Richard Cockerill says he won’t wrap his Lions in cotton wool during the remainder of the 2020-21 campaign, despite admitting that the season is now “dead” for Edinburgh with only three meaningless games left to play in the Rainbow Cup.

While Cockerill plans to use all three remaining matches as an opportunity to give emerging and fringe players game time, he still expects some of his senior men to play their part.
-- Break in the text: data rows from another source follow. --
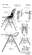 Eames Molded Fiberglass Patents (left) Molded Fiberglass Nesting Chair Design Patent No. 2,893,469 (middle, right) Molded Fiberglass Multiple Chair Patent No 2,812,800 Click to Enlarge A magazine contest led to their highly innovative "Case Study" house. Their love of photography led to film making, including a huge seven-screen presentation at the Moscow World's Fair in 1959, in a dome designed by their friend and colleague, Buckminster Fuller. Graphic design led to showroom design, toy collecting to toy inventing. And a wooden plank contraption, rigged up by their friend, director Billy Wilder for taking naps, led to their acclaimed chaise design. A design critic once said that this extraordinary couple "just wanted to make the world a better place." That they did. They also made it a lot more interesting. Click here to look at another type of collectible, or keep on scrolling for more Furniture. | |||||||
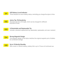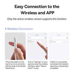 Aktywny rysik stylus do iPad Baseus Smooth Writing 2 SXBC060502 - biały Obsługa iPada staje się jeszcze płynniejsza i przyjemniejsza niż kiedykolwiek wcześniej! Dzięki rysikowi marki Baseus możesz cieszyć się z posiadania estetycznego oraz niezawodnego akcesorium, które perfekcyjnie wpisuje się w Twoje potrzeby. Wykonywanie codziennych czynności jak pisanie, czy rysowanie nie sprawi Tobie żadnych problemów. Rysik obsługuje pisanie pod różnymi kątami: 45°, 60° i 90°, co wpływa na precyzję i grubość kreski. Piszesz bez żadnych zakłóceń, a rysik pozostawia idealnie równy ślad na ekranie. Specyfikacja:
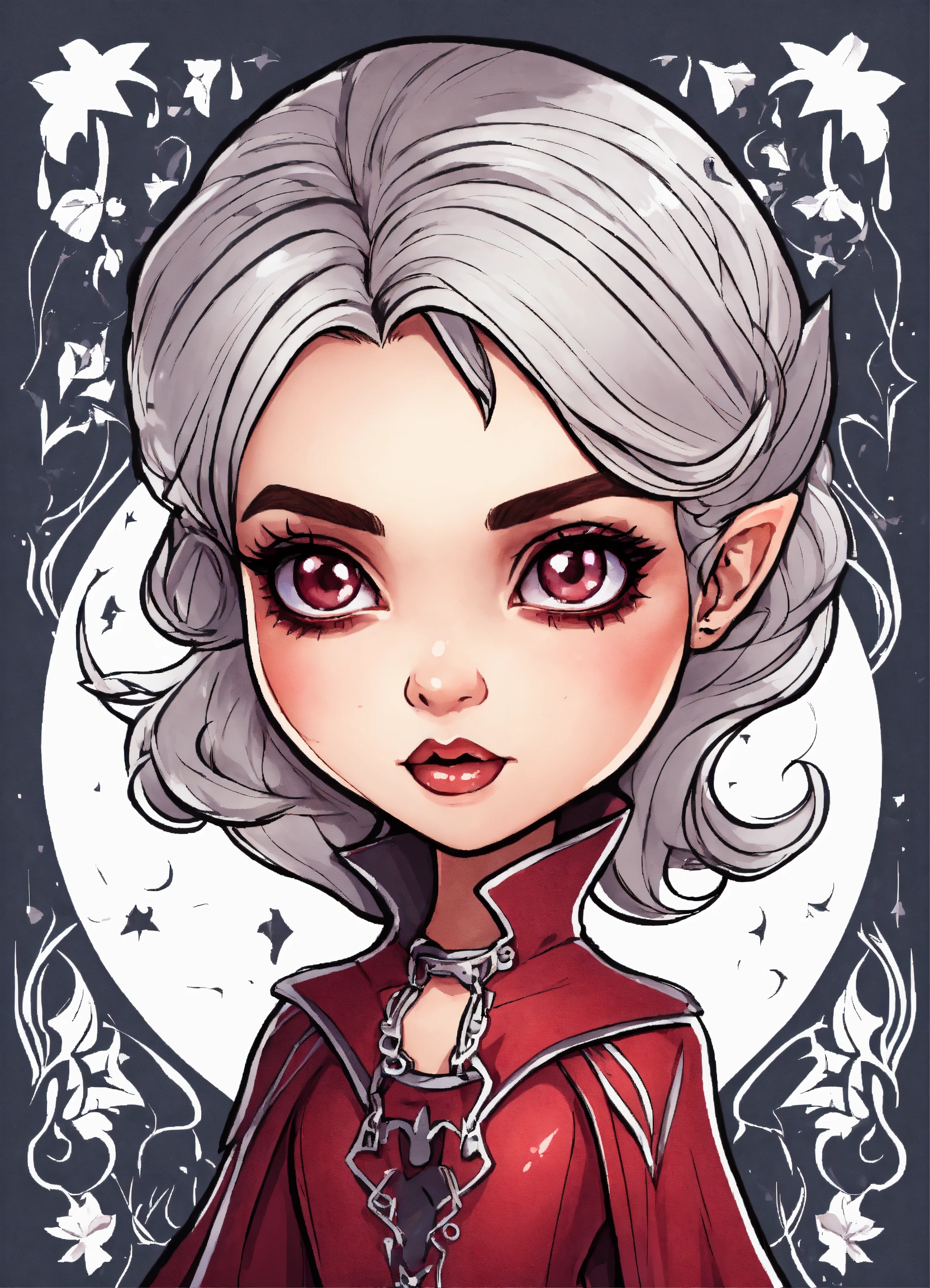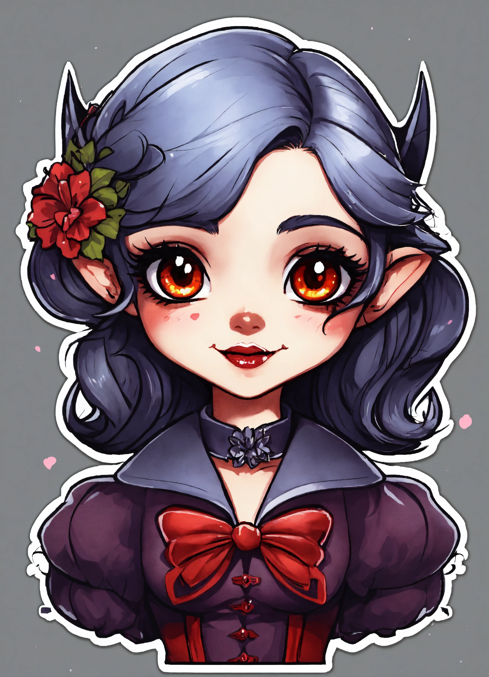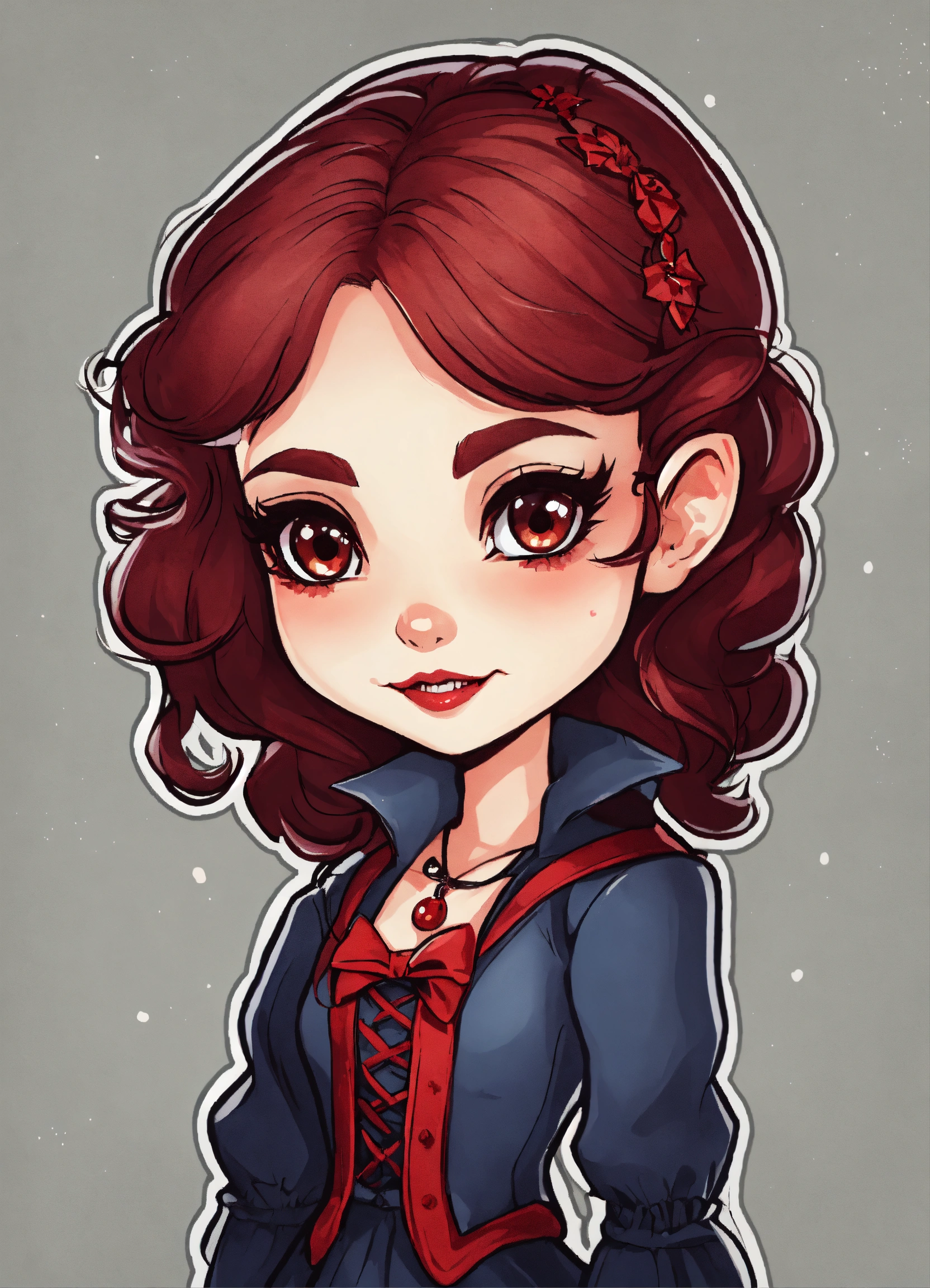 Generate a cute vampire girl illustration, 4k resolution, cartoon-sticker style with clear lines on a pure white background suitable for a children's coloring book.
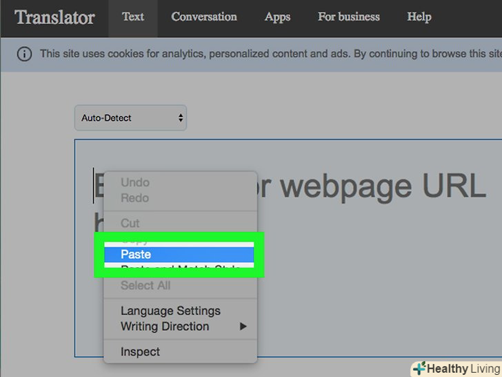 Вставте URL-адресу сторінки, яку хочете перевести, в текстове поле.
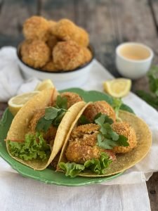 Calentar el horno a 180C. Hornear por 20 minutos o hasta que esté doradas y crujientes. Pueden servirlas como taco, con ensalada de repollo y zanahoria, palta y salsa picante.

He also thinks that it is important that Duhan van der Merwe, Hamish Watson and Rory Sutherland get some time in the saddle during the next month in order to maximise their chances of being at their best on the Lions tour.

Van der Merwe played but struggled to impose himself for Edinburgh during last Friday’s 1872 Cup defeat to Glasgow Warriors, while Hamish Watson is nursing a tight groin, and Sutherland is still four or five weeks away from match fitness after dislocating his shoulder whilst playing for Scotland against France at the end of March.

“Their job is to play rugby so I am not going to force anybody to do anything but that is what they signed up for,” said the coach. “I have two guys coming back from injury who want game time to be sharp, and Duhan has not played a huge amount of rugby this season so needs to play now to be in his best form in order to push for a spot in the Test team.

“So, if they are fit, healthy and available to play then they are available for selection like everybody else.”

The coach added that Sutherland remains on track to be fit in time to join up with the Lions in mid-June. “He is doing very, very well. He is getting better every day,” Cockerill explained. “Whether he sees any rugby with us before the end of the season remains to be seen but we are hopeful that will be the case.”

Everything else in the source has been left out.